Agree talk to the teacher and ask them to keep an eye on it.

As far as addressing it with your daughter, I would just continue to remind her to use kind hands, or whatever phrase school and you use. Plus, DD, do we draw on school uniform? No.

St this age they are learning boundaries are are still very impulsive. It feels awful when your child has done something to another, but a large part of reception is about teaching children to socialize.

Wrt the other parent, I would apologize for the uniform, offer to pay for it, and say you have had a word with DD and are going to speak to school after half term.

Then let it go.

PegEgg Sat 22-Oct-16 08:36:29

I think on reflection my thread title should have been "worried my child might become a bully to her classmate!"
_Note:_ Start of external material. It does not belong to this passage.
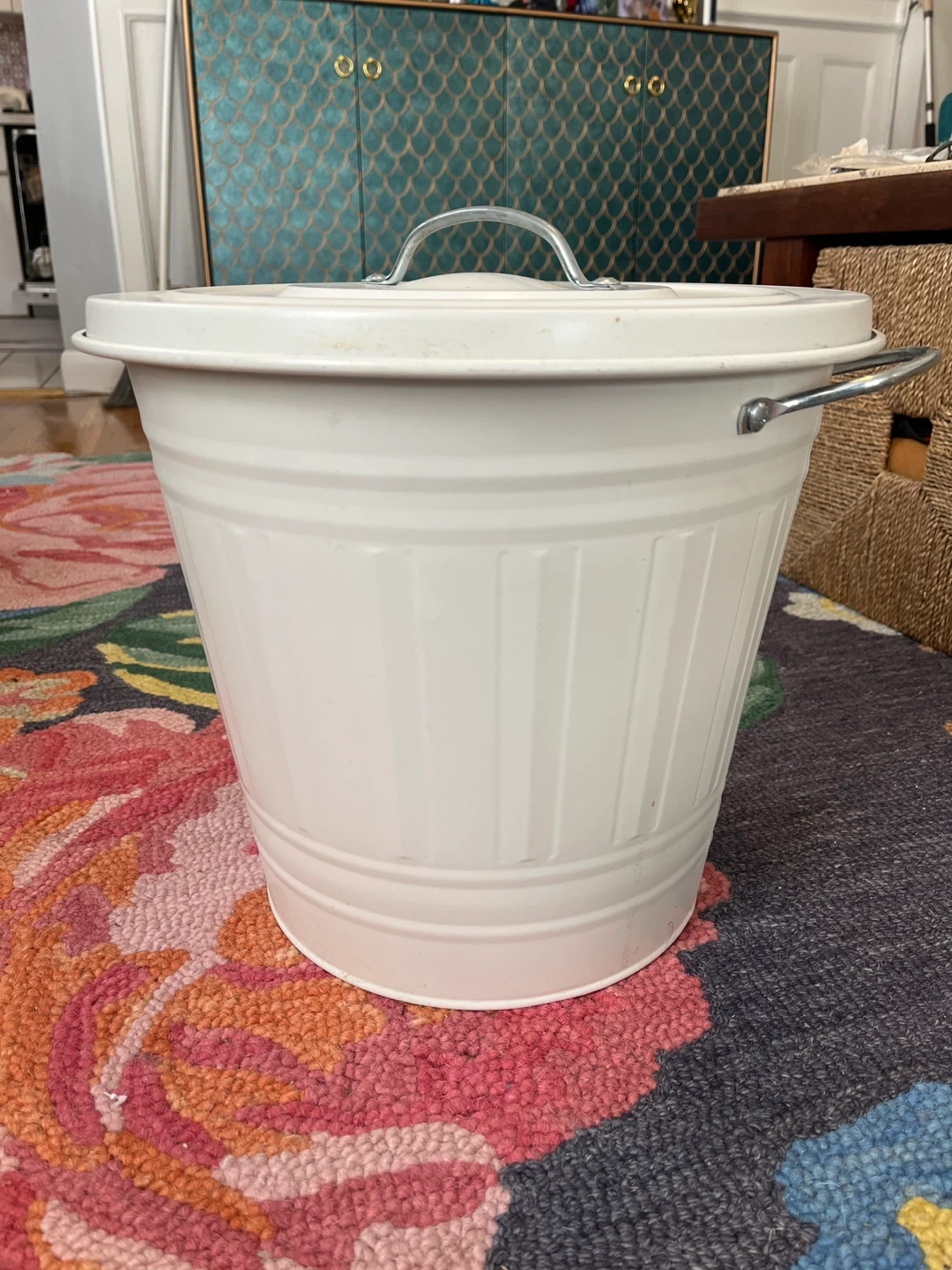 Selling a white metal trash can with a lid, perfect for composting. It's in great condition and perfect for any room in the house. The handles make it easy to move around, and the lid keeps everything tidy!

I can see that if it goes on much longer A will become more and more vulnerable and I am wanting to put an end to the behaviour before it escalates.

Yes I could just leave it to school but I am very aware that busy teachers can miss things and want to protect A and DD.

PegEgg Sat 22-Oct-16 08:38:44

Yes I will definitely pay for a new uniform. DH thinks we should get DD to apologise in person to As mum for ruining her last one.

Yakitori Sat 22-Oct-16 08:40:33

It may be rather more six of one and half a dozen of the other as they are so little. It may be that she doesn't like A but is reacting inappropriately. There was this little girl at school who used to sit next to me and copy my work and who was generally irritating. I found it stressful as I worried that I would get in trouble if both of our work was the same. She would follow me around when I didn't want to play with her and would start to attack me physically- to which I retaliated in kind. I was so little and had no idea how to deal with this.

Her mum (who on reflection now seems quite bonkers) accused me of bullying her and my parents had to come in to talk about it. I can't remember how it was dealt with but the girl generally stopped being a PITA and we seemed to keep our distance.

I'm not saying this is the same situation at all but they are so little and there is often more to it - esp. if your DD is generally kind and lovely.

BombadierFritz Sat 22-Oct-16 08:41:44

sorry, by leave it to school I meant, tell school so they can keep an eye

apologising to parents etc is exactly what I meant by things getting messy. if you would have sought out any parent and made your child apologise, fair enough, but if it is to appease because you know them, it all starts getting messy. your child labelled the bully. a the victim. a's role overlooked. phone calls. words to family members. aaargh

PegEgg Sat 22-Oct-16 08:46:10

Yes I want to respond appropriately without it getting messy! Tricky!

Lunar1 Sat 22-Oct-16 08:48:48

I'd get your dd to chose something of hers to sell to pay for the uniform. It's something tangible that she can understand and will directly affect her.